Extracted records
━━━━━━━━━━━━━━━━

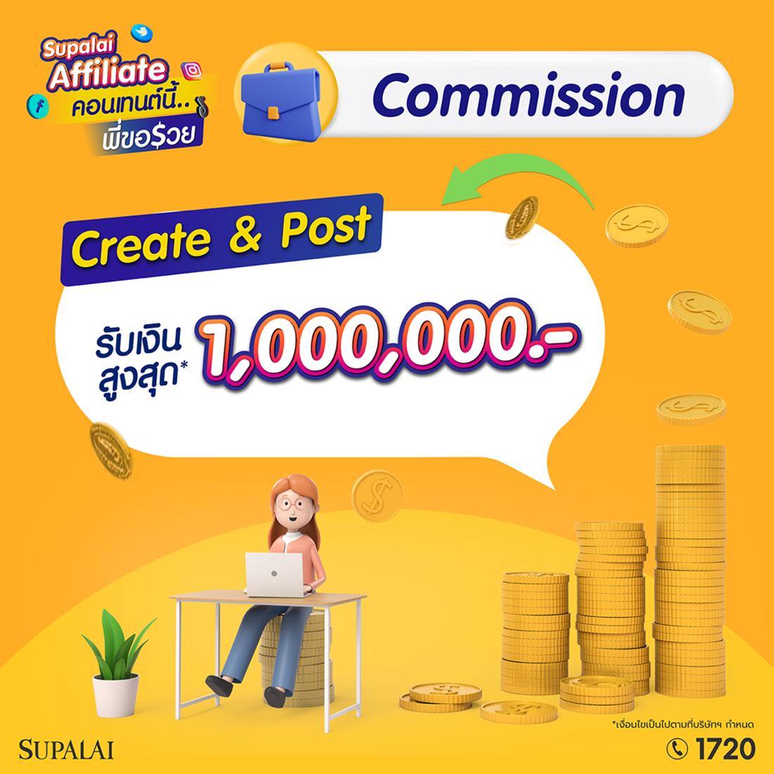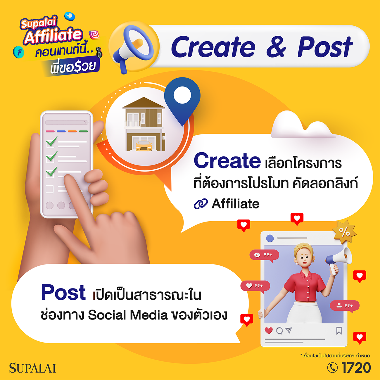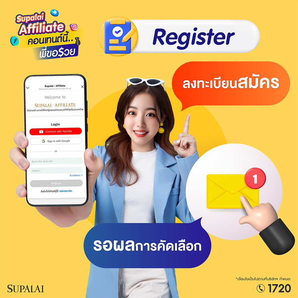 ครีเอเตอร์อย่ารอช้า! โอกาสดีๆ สร้างรายได้ง่ายๆ กับแคมเปญ “Supalai Affiliate คอนเทนต์นี้…พี่ขอรวย” สนใจสมัครเข้าร่วมแคมเปญได้ที่ https://www.supalai.com/affiliate/ ตั้งแต่วันนี้ – 30 ธันวาคม 2567 และสอบถามรายละเอียดเพิ่มเติม โทร.1720
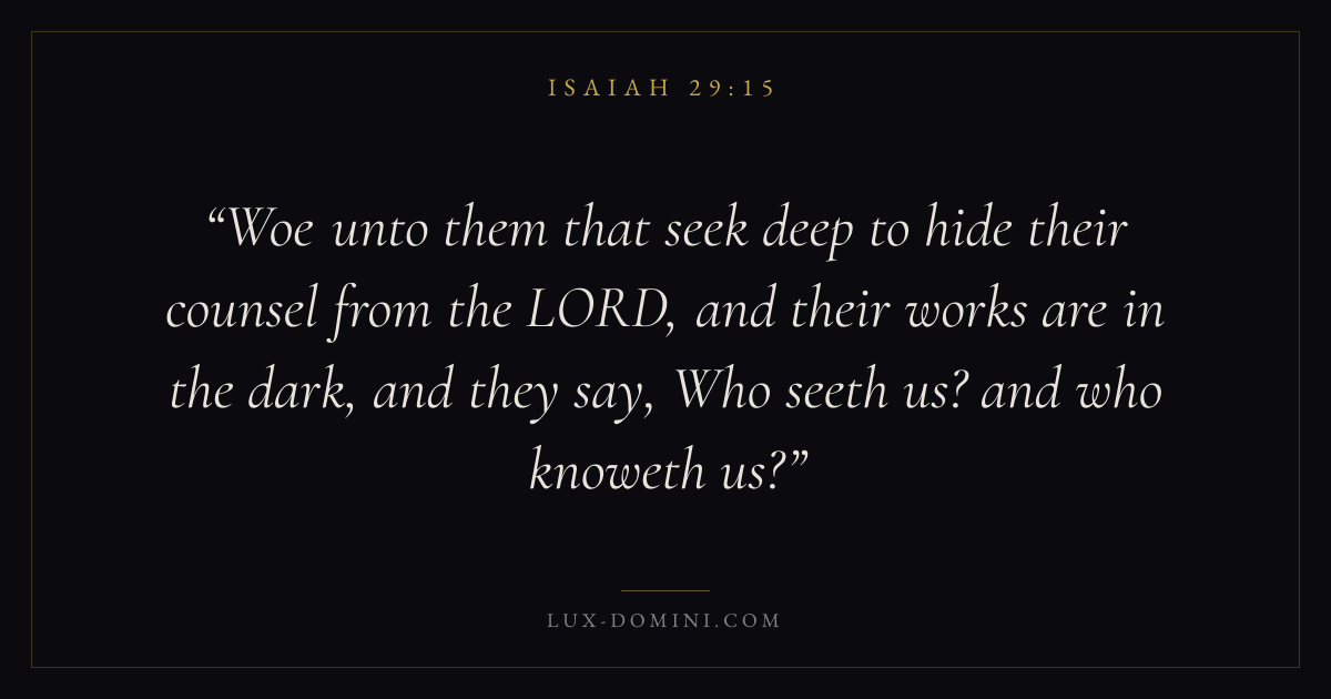 Woe unto them that seek deep to hide their counsel from the LORD, and their works are in the dark, and they say, Who seeth us? and who knoweth us?
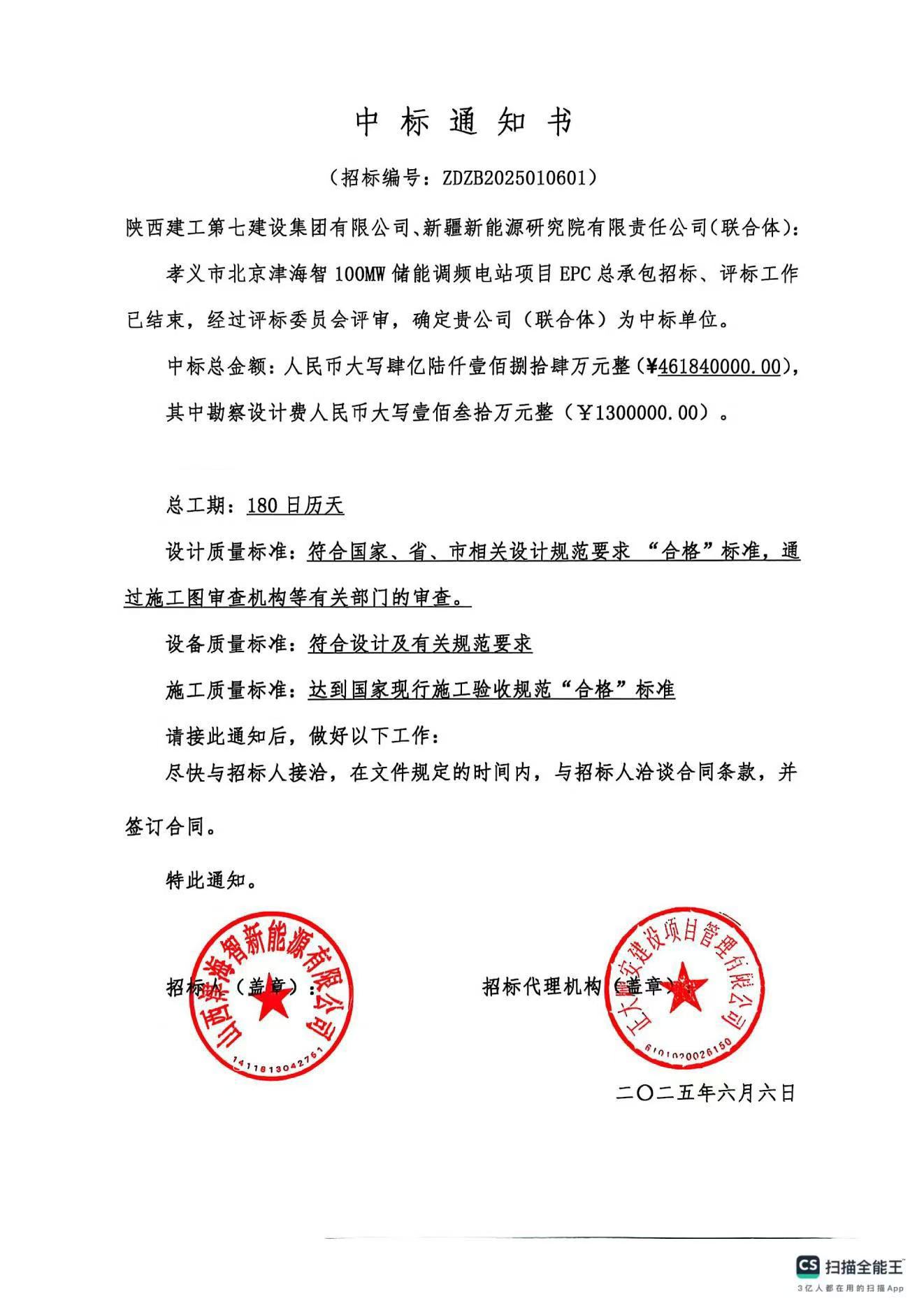 孝義市北京津海智100MW儲(chǔ)能調(diào)頻電站項(xiàng)目EPC總承包及監(jiān)理
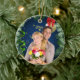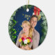 Este Ornamento Personalizado de Natal do Casal é a forma perfeita de comemorar todos os anos. Esta apresenta um belo fundo natalício de um céu azul da meia-noite com estrelas emolduradas pelo pínus boughs, um ornamento ouro com um grande arco vermelho, e uma fita verde de Natal enrolada. Adicione sua própria foto ou imagem e texto para fazer deste um Enfeites de natal exclusivo que você terá orgulho de exibir em sua árvore. Também faz um belo presente e lembrança familiar.
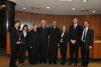 Pictured with the judges are students from Seton Hall University School of Law and University of California Hastings College of the Law, the first and second place winners of the 30th Annual Cardozo/BMI Entertainment and Communications Law Moot Court Competition. L-R: Jon Weisbrod (Seton Hall), Ashleigh Lewis (Seton Hall), Judge Roslynn Mauskopf (Eastern Dist. of NY), Judge David Hamilton (7th… View Photo
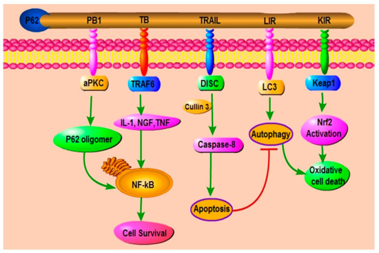 P62 mediate cell survival, cell death, and apoptosis: P62 stimulates the oligomerization of aPKC and TRAF6 binding TB domain leading to the enhancement of NF-κB activation to promote cell survival. P62 may activate caspase-8 by the presence of cullin3 which can induce apoptosis by autophagy inhibition. Caspase-8 activation and p62 oligomerization promote cell apoptosis.
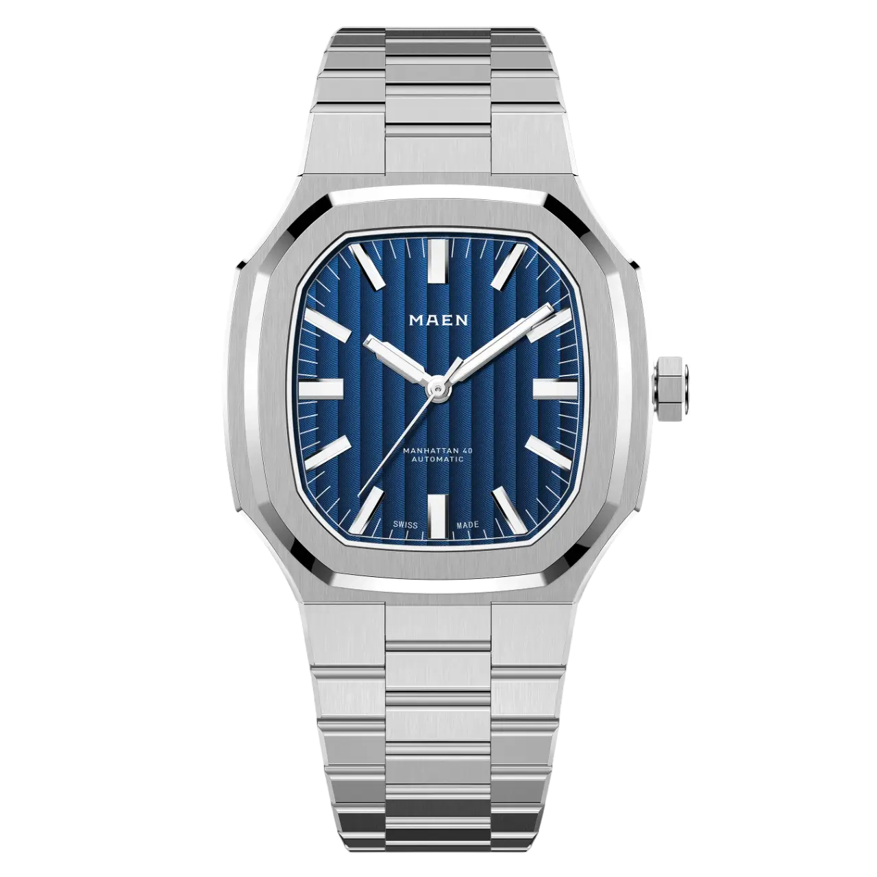 With its steel case, vertically elongated octagonal bezel, Côtes de Genève dial and integrated bracelet, the Manhattan 40 packs a lot of punch.
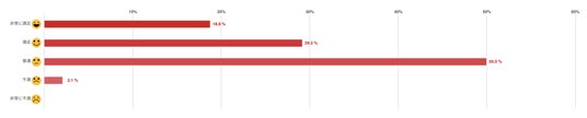 レイクの在籍確認の満足度評価では、「普通」との評価が50%で最も多かった。
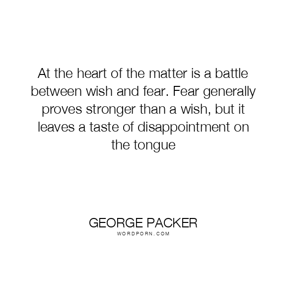 At the heart of the matter is a battle between wish and fear. Fear generally proves stronger than a wish, but it leaves a taste of disappointment on the tongue
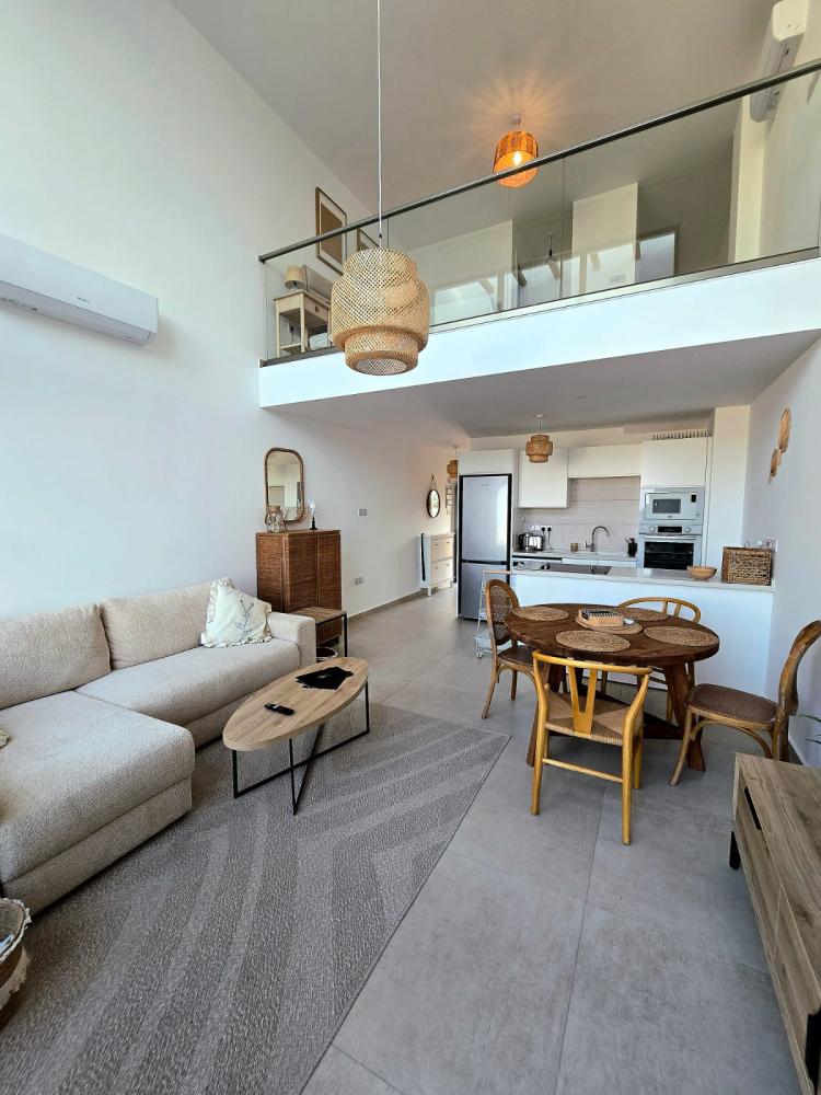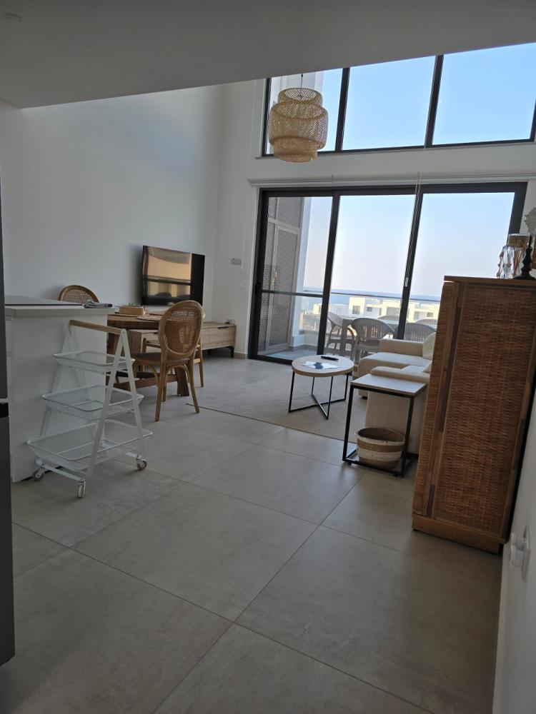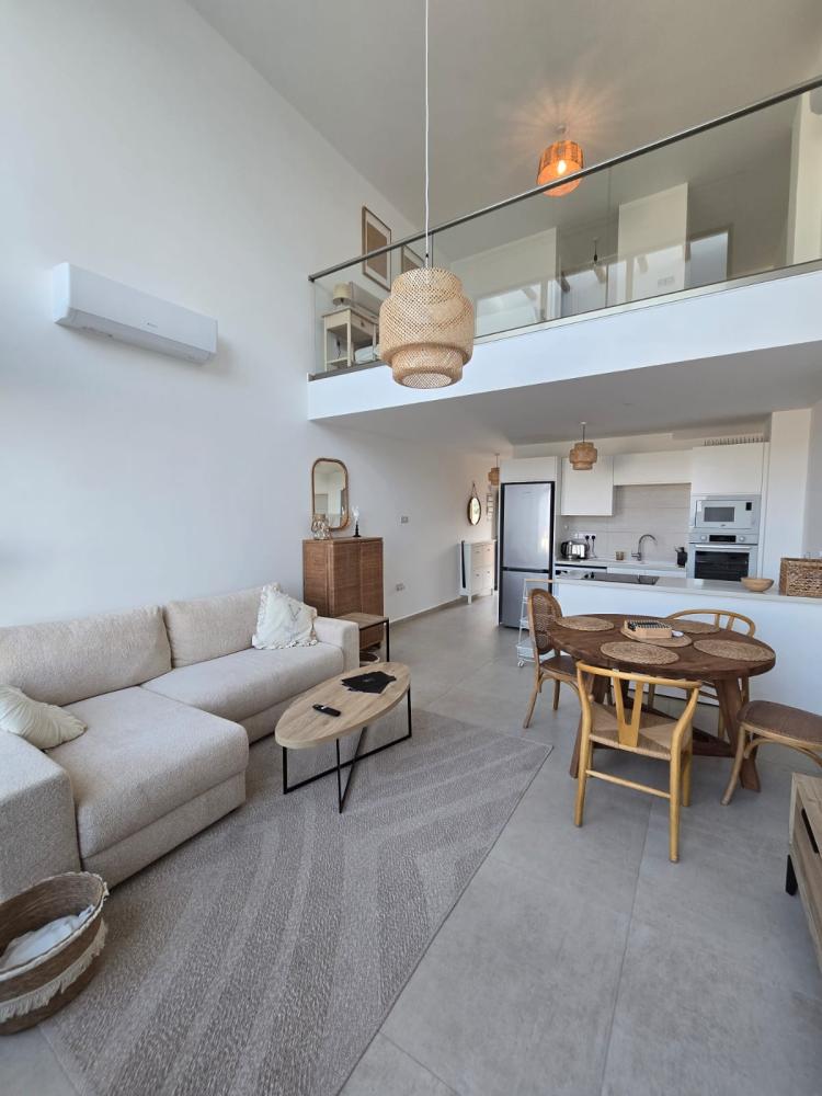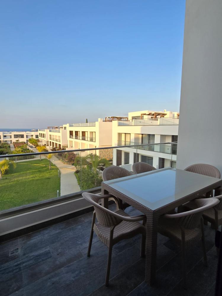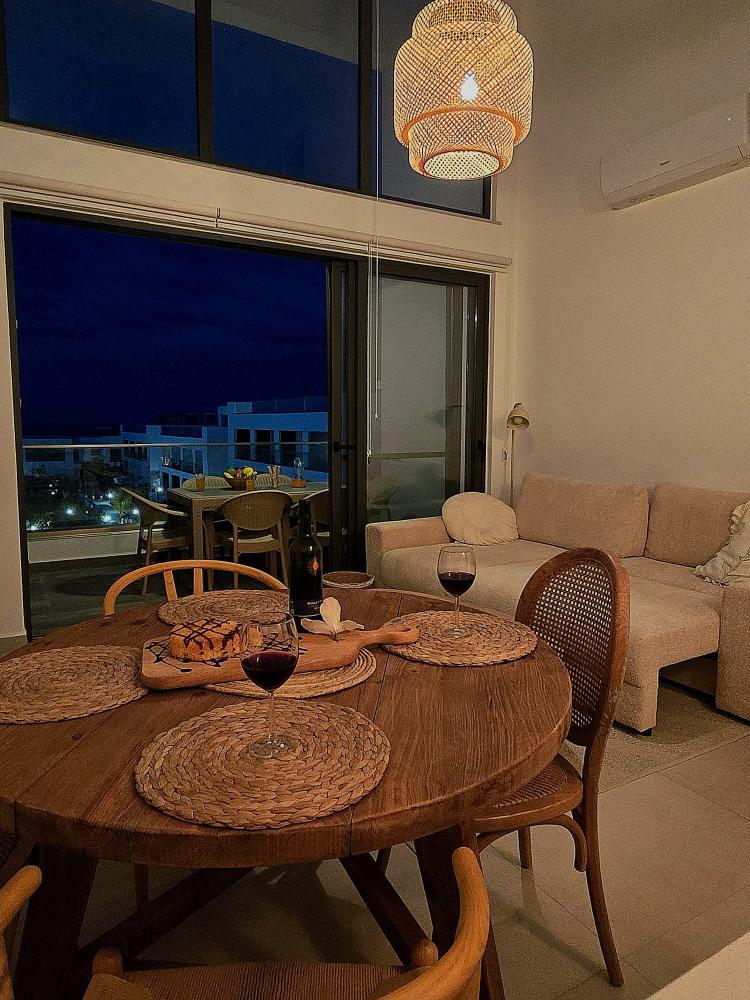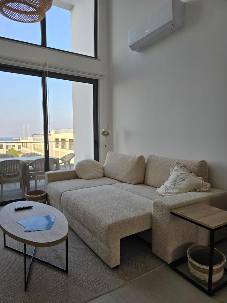 This is a fantastically equipped apartment for 2-4 guests. It has a wonderful view of the pool and the sea, not only from the balcony, but also directly from the bed. It is a loft apartment with a living room, spacious kitchen, and dining area. The apartment offers 2 bathrooms, which is really very comfortable. Guests have access to the living room, kitchen, dining room, 2 bathrooms, bedroom, and terrace. Upstairs there is a large bed for two, and in the living room there is a sofa bed for 2. Also included in the price is access to the outdoor and indoor pool, sauna, and gym. You can also use the paid services of a hammam and massages. There is also a restaurant with a pool and a natural beach in the complex.

━━━━━━━━━━━━━━━━

Your assignment:
With the pictures left out, restate word for word every line of the data above, from the first down to the line that contains "Pictured with the".

Exercise response:
 ครีเอเตอร์อย่ารอช้า! โอกาสดีๆ สร้างรายได้ง่ายๆ กับแคมเปญ “Supalai Affiliate คอนเทนต์นี้…พี่ขอรวย” สนใจสมัครเข้าร่วมแคมเปญได้ที่ https://www.supalai.com/affiliate/ ตั้งแต่วันนี้ – 30 ธันวาคม 2567 และสอบถามรายละเอียดเพิ่มเติม โทร.1720
 Woe unto them that seek deep to hide their counsel from the LORD, and their works are in the dark, and they say, Who seeth us? and who knoweth us?
 孝義市北京津海智100MW儲(chǔ)能調(diào)頻電站項(xiàng)目EPC總承包及監(jiān)理
 Este Ornamento Personalizado de Natal do Casal é a forma perfeita de comemorar todos os anos. Esta apresenta um belo fundo natalício de um céu azul da meia-noite com estrelas emolduradas pelo pínus boughs, um ornamento ouro com um grande arco vermelho, e uma fita verde de Natal enrolada. Adicione sua própria foto ou imagem e texto para fazer deste um Enfeites de natal exclusivo que você terá orgulho de exibir em sua árvore. Também faz um belo presente e lembrança familiar.
 Pictured with the judges are students from Seton Hall University School of Law and University of California Hastings College of the Law, the first and second place winners of the 30th Annual Cardozo/BMI Entertainment and Communications Law Moot Court Competition. L-R: Jon Weisbrod (Seton Hall), Ashleigh Lewis (Seton Hall), Judge Roslynn Mauskopf (Eastern Dist. of NY), Judge David Hamilton (7th… View Photo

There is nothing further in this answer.